What you want in this case is
const QPoint &Foo::bar() const
{
return m_bar;
}
Edit based on user comment:
IMHO, this would be better solved by adding a setX to Foo instead of calling a non-const function from a non-const reference returned by an accessor function that should really be const. Overloading the accessor function to remove the const just puts a band-aid over the real problem and just hides the fact that encapsulation is compromised. Adding setX to Foo fixes the encapsulation problem and also plugs the leaking interface you are creating by returning a non-const reference to private data.
For example, if you put foo.bar().setX(100); in many parts of your application and later change the type of QPoint to one that doesn't implement setX or simply rename the function setX to say setPointX you have problems b/c you now have to go around a rename/refactor all of these calls. Creating a setX on Foo makes the code easier to call foo.setX(100) vs foo.bar().setX(100), is const correct, and encapsulates your data. If you changed QPoint to be just 2 x and y coordinates in Foo, nothing outside of your class would have to change b/c you have good encapsulation.
The const on the function tells the compiler that the function doesnt modify any member variables. However, since your returning a reference to the member variable it cant guarantee that any more and thus has the compile error.
The compiler is not expecting your member variable to be const but the return from the function to be const. Remove the const from the function def.
either use
const QPoint& Foo::bar() const {
return m_bar;
}
or
QPoint& Foo::bar() {
return m_bar;
}
I guess you could also declare m_bar as:
mutable QPoint m_bar;
EDIT: mutable defense
#tstenner:
mutable has its place. It is not 'evil' definitely no more so than void* or casting. Assume something like the following:
class foo {
SomeType bar;
public:
foo() : bar() { }
const SomeType& bar() const { return a; }
};
In this case, bar is ALWAYS constructed, even if bar() is never called. This may be fine, but if SomeType has a costly constructor, it can be preferable to allow lazy instantiation of bar.
Consider:
class foo2 {
mutable SomeType* bar;
mutable bool cached;
public:
foo2() : bar(0), cached(false) { }
const SomeType& bar() const {
if( ! cached ) {
cached = true;
bar = new SomeType();
}
return *bar;
}
};
This allows foo2 to mimic a non-lazy instantiated class, while being lazily instantiated.

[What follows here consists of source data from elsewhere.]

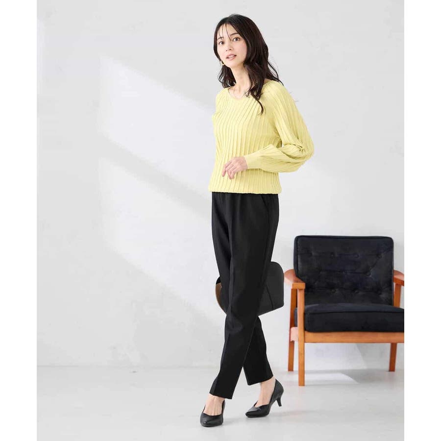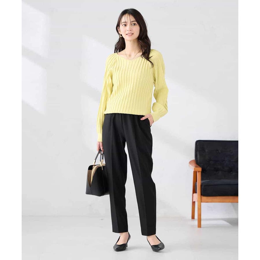 ジャケットのインナーにも着やすく、通勤時も着回せるのがうれしいポイント。
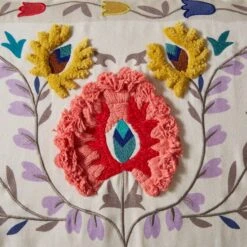 Introducing the Suzani Cushion. Its removable cover makes cleaning a breeze, ensuring your cushion stays fresh and vibrant. The modern embroidered floral design adds an artistic touch to your decor. Just remember, give it a gentle hand wash to keep it looking its best. It’s the perfect addition to elevate your space with style and sophistication.
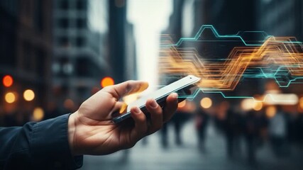 Hands Holding Smartphone With Digital Overlay Elements Videos
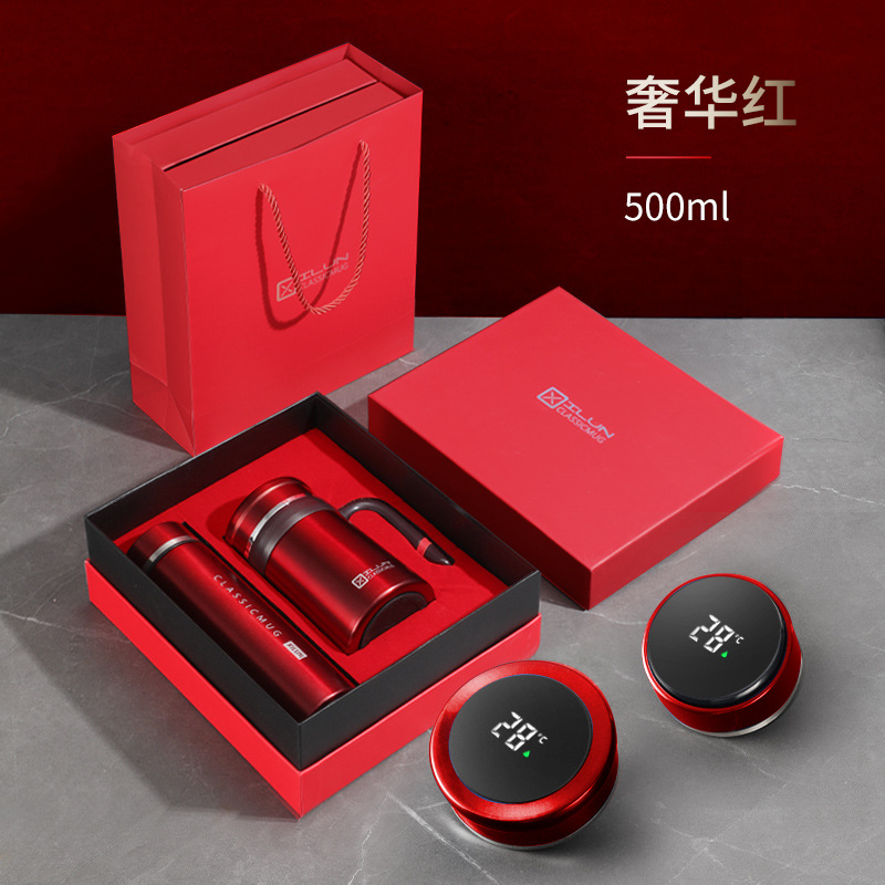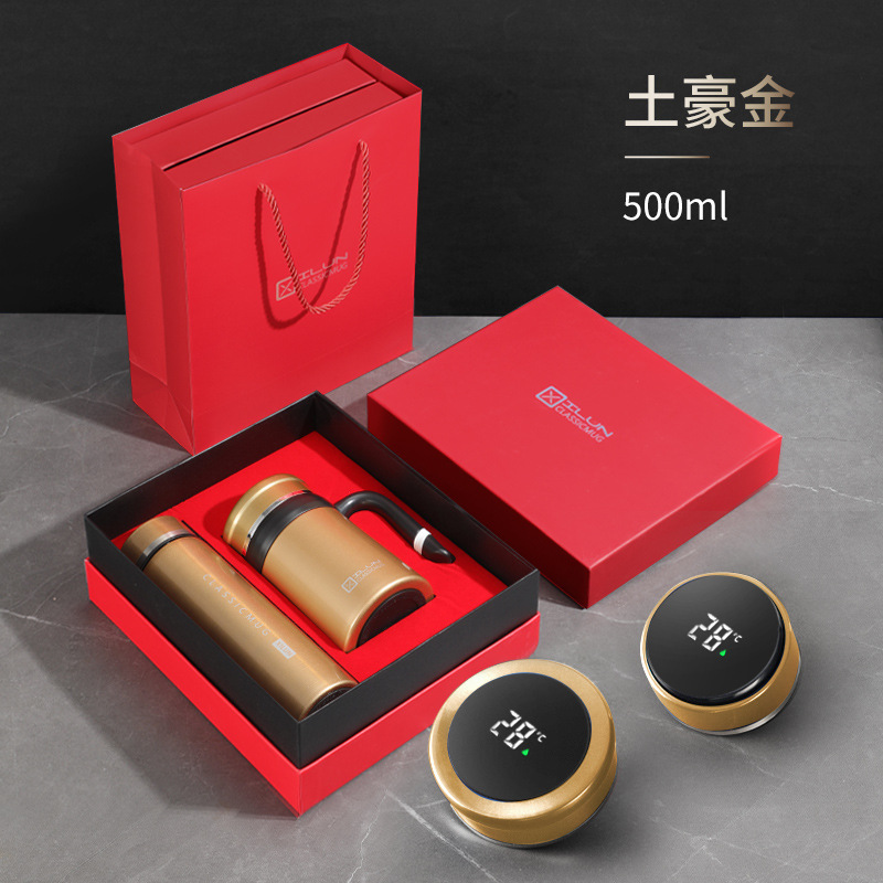 보온병 컵 사무실 컵 비즈니스 선물 상자 세트 손잡이가있는 고급 선물 316 스마트 물 컵 조각 인쇄 광고스토어 가기
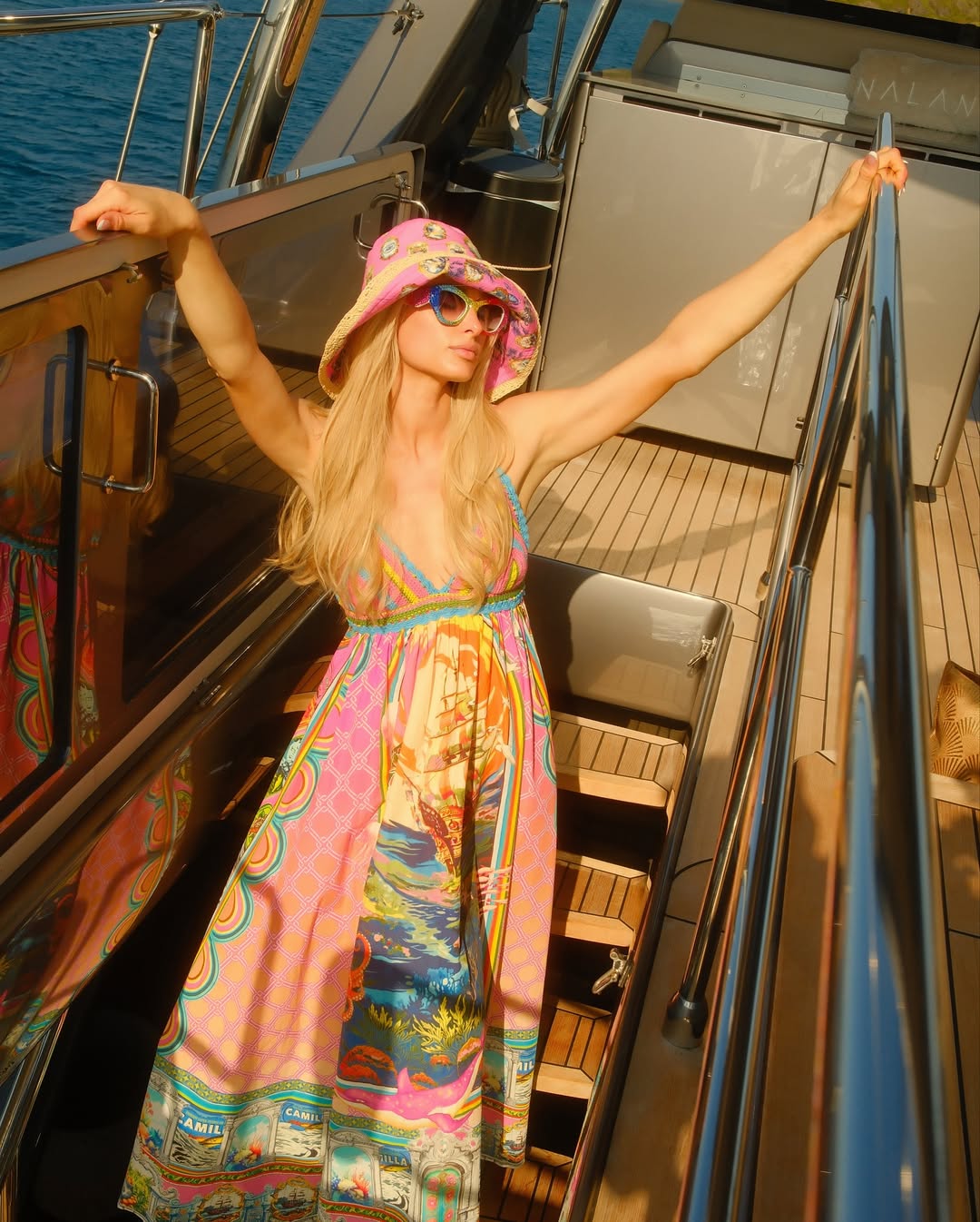 من أكثر الإطلالات الملهمة التي اعتمدتها باريس هيلتون كانت الفساتين الطويلة ذات النقوش المستوحاة من الطبيعة والبحر، بتصميمات فضفاضة مع ياقة واسعة وحمالات رفيعة. نسقتها مع قبعات ملونة ونظارات عصرية لتمنح إطلالتها طابعاً بوهيمياً يعكس أجواء الصيف.

Granted, the mutability of foo2 has implications for thread safety, but these can be overcome with locking if needed.
If it allowed you to return a reference to the variable, then you could modify a const instance of Foo class. Consider such code:
void baz(const Foo &foo)
{
QPoint &ref = foo.bar(); //if it was allowed...
ref = 5; // ...you could have modified a const object foo!
}
Therefore compiler prevents you from doing that.
You should either declare your method returning const QPoint& or to revise your understanding of what really const is for.
Someone may advise you to use mutable. Don't. mutable keyword is to allow implementation of the class to modify internal member variables of const objects (for example, for memoization purposes), rather than to expose non-const variable (!) to external code.